I'm trying to understand how constrained Delaunay triangulation works, within the context of game maps where the available ground surface for navigation and pathing is defined by a polygon on a flat 2D plane. The polygon needs to be triangulated for use in pathfinding, such that moving from point A to point B passes through as few polygons as possible (so polygons need to be as large as possible).

I first looked into regular Delaunay triangulation, and there are multiple methods available, but they all assume a point cloud where the goal is to create ideal triangles without constraints.

Then I looked into constrained Delaunay triangulation, but there is very little available I could find beyond academic papers, and many of those simply perform a regular Delaunay triangulation, then cut triangles that intersect constraints and re-triangulate around them. This seems backwards and inefficient to me when literally ALL of the triangles I want to end up with will be constrained.

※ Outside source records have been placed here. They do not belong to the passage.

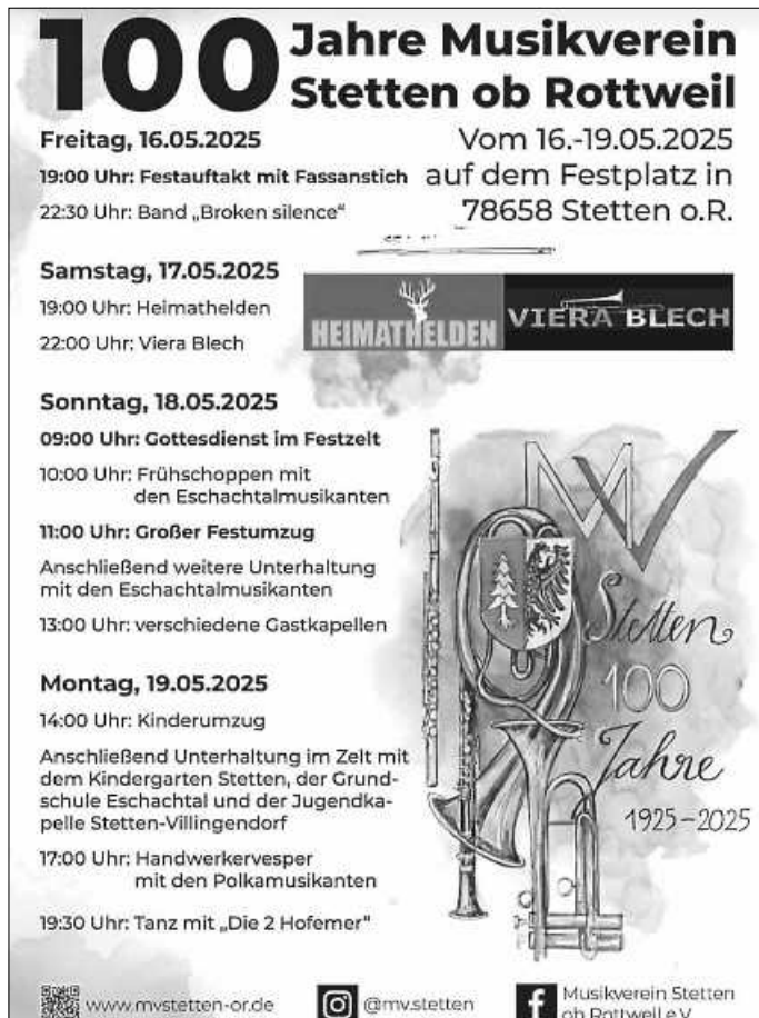
Plakat: MV Stetten

Wenn möglich, lassen Sie also das Auto stehen und schauen sich unsere Umzüge an! Wir freuen uns auf Sie.
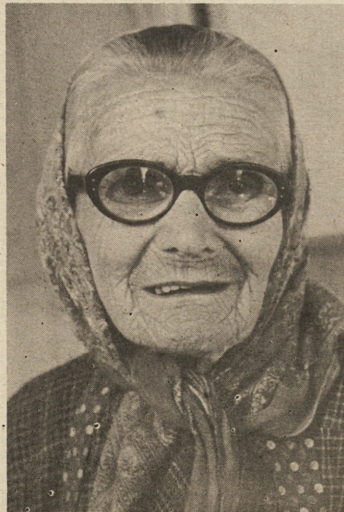
Sledovi stotih let
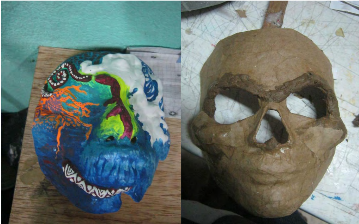
Figura 30. Pintura y Empapelado de máscaras de Yeso
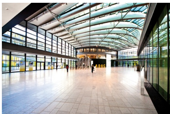
ADAC, Munich, Germany

Les zones d'accueil spacieuses et hautes de plafond ont besoin de diffuseurs capables d'envoyer l'air loin dans la pièce. Des systèmes de régulation intelligents garantissent que le flux d'air est rapidement adapté à des utilisations d'intensité variable et à des conditions climatiques variables.
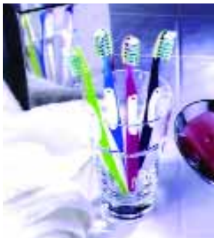
CrossAction Vitalizer – die neue Premium-Zahnbürste mit Massage-Fingern

Mit der neuen Handzahnbürste CrossAction Vitalizer von Oral-B wurde neben einer effizienten Entfernung der Plaque auch die Pflege der Gingiva durch ein zusätzliches Ausstattungselement weiter verbessert. So weist
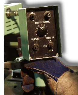
Controle Remoto: permite o controle seguro longe da peça

A Auto Picle P -Modelo S permite chanfro e corte reto com alta precisão.
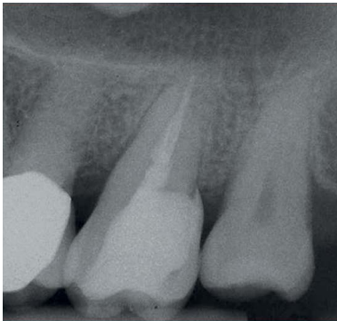
Abb. 7 Postoperatives Röntgenbild der Kompositrestauration an Zahn 27.
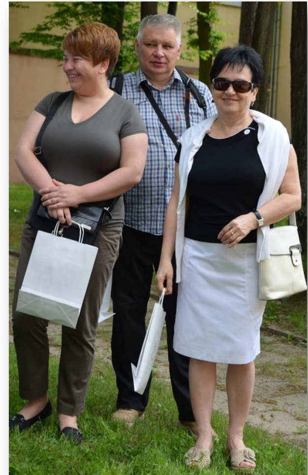
Sponsorzy naszego marszu: Burmistrz Poniatowej, Bank Spółdzielczy w Poniatowej, Przedsiębiorstwo Gospodarki Komunalnej w Poniatowej, firmy: PAWTRANS, WENTWORTH TECH i Bank PKO BP w Poniatowej.
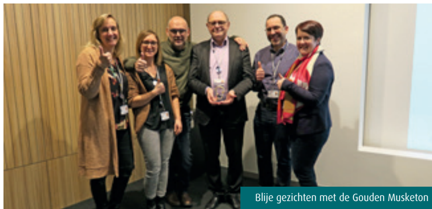
Blijde gezichten met de Gouden Musketon

ZorgAnders, mediabedrijf in de zorgsector en gekoppeld aan X-care Medical staffing. We gingen niet enkel voor 'intern project van het jaar', maar mikten daarnaast resoluut op de hoofdvogel ' Zorgwerkgever van het jaar '. Daar waar het ene project rond de hartverwarmende initiatieven van het Onco-team focuste, zetten we voor de hoofdprijs in op het uitgebreide HR- en welzijnsbeleid. Het intern project met begeleidend filmpje over onze healing environment werd niet geselecteerd, maar dankbaar ingezet door HR in de zoektocht naar een nieuwe onco-coach. Het filmpje mocht op veel positieve respons rekenen.
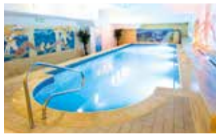
Hallenbad im 4-Sterne-Sanatorium
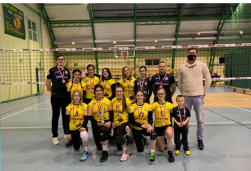
Kadetki po zdobyciu wicemistrzostwa województwa zachodniopomorskiego
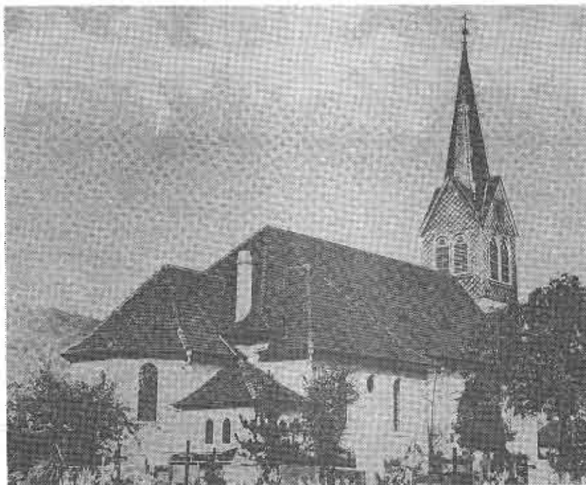
Außenansicht der Pfarrkirche in Gosbach
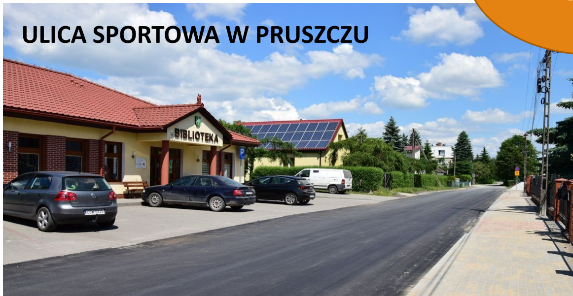
ULICA SPORTOWA W PRUSZCZU
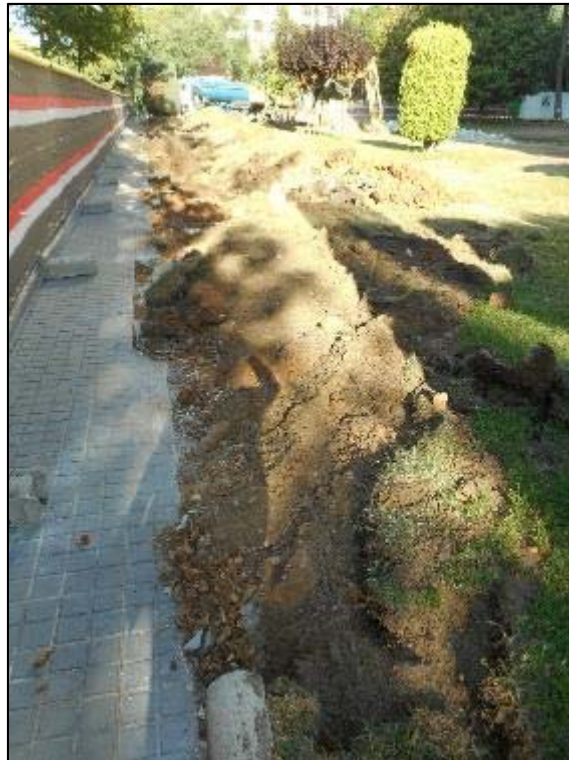
2. Inici de les tasques de rabix de terres a l'àmbit d'actuació.
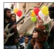
فرقة «نشان» 10:10 ■ 9/18
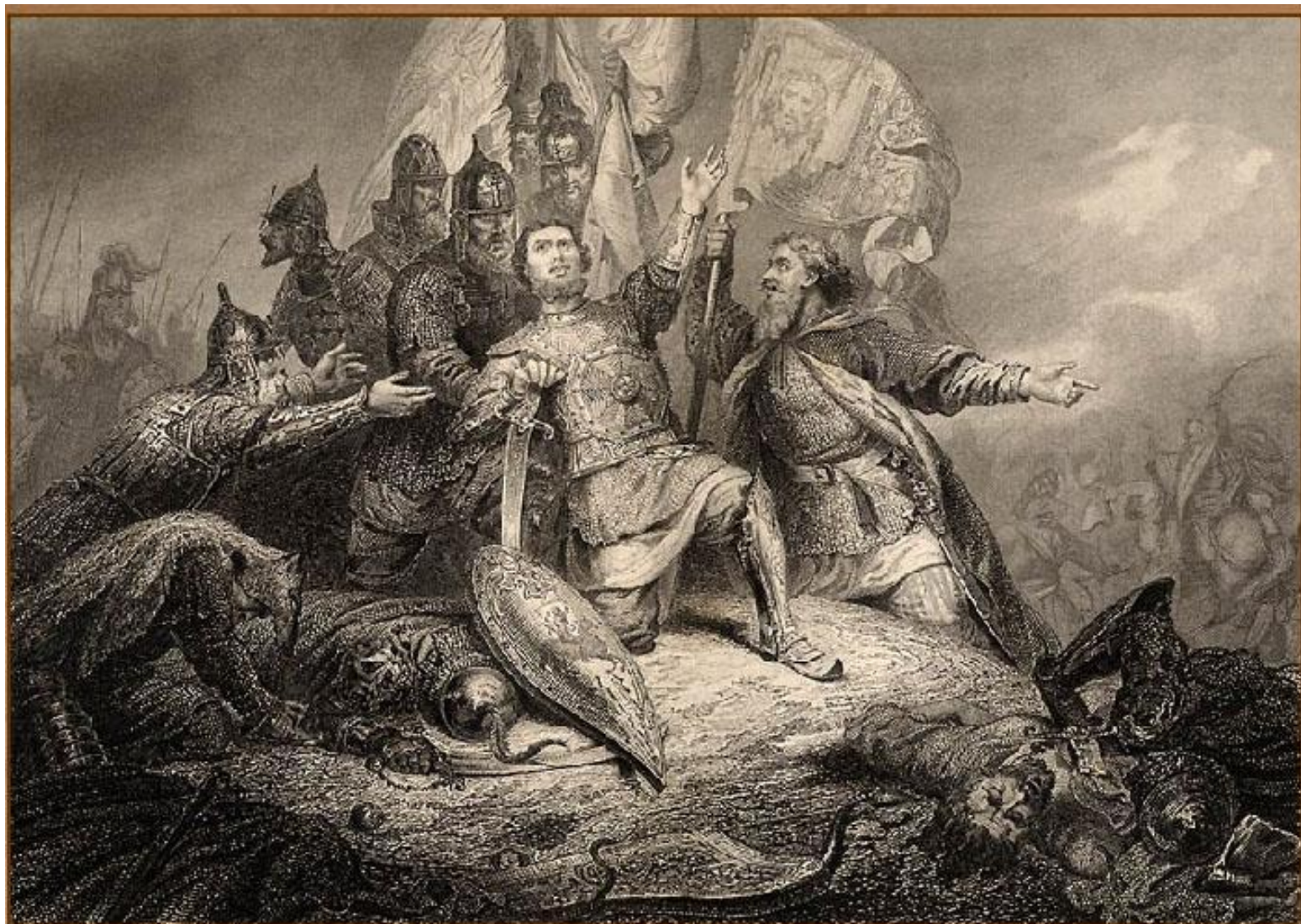
Пожарский в битве под Москвой
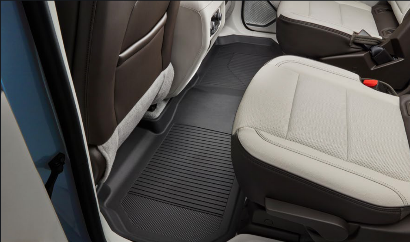
TAPETE DE VINIL RÍGIDO DE 2DA FILA EN NEGRO
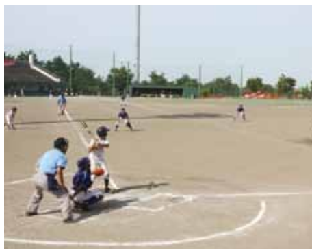
力投する投手を盛り上げる 風間浦フェニックス守備陣（県大会）

むつ支部予選で見事優勝した風間浦フェニックスは、地域の皆さんへ優勝の報告と県大会での活躍を誓い、村内のパレードを実施しました。その際には温かい声援とたくさんの方の寄附を頂きました。集まった寄付金60万円あまりは、県大会出場に伴う選手のためと、今後のスポーツ少年団の活動に役立てさせていただきます。ありがとうございます。

I saw a GDC video, where the Starcraft 2 devs talked about using constrained Delaunay triangulation, and you can kind of see it when you look at the pathing mesh in the Starcraft 2 editor (see below). However, very few of the generated triangles are legal, due to the number of constraints in the map layout. Still, I am assuming the Delaunay algorithm influenced the selection of points to triangulate, in order to get the best triangle coverage.

However, I can't find any further info on how this might work. How does one start with constraints, points connected by fixed lines, and then "fill in" the remaining lines to generate triangles that are a best-effort attempt to not be overly stretched or narrow?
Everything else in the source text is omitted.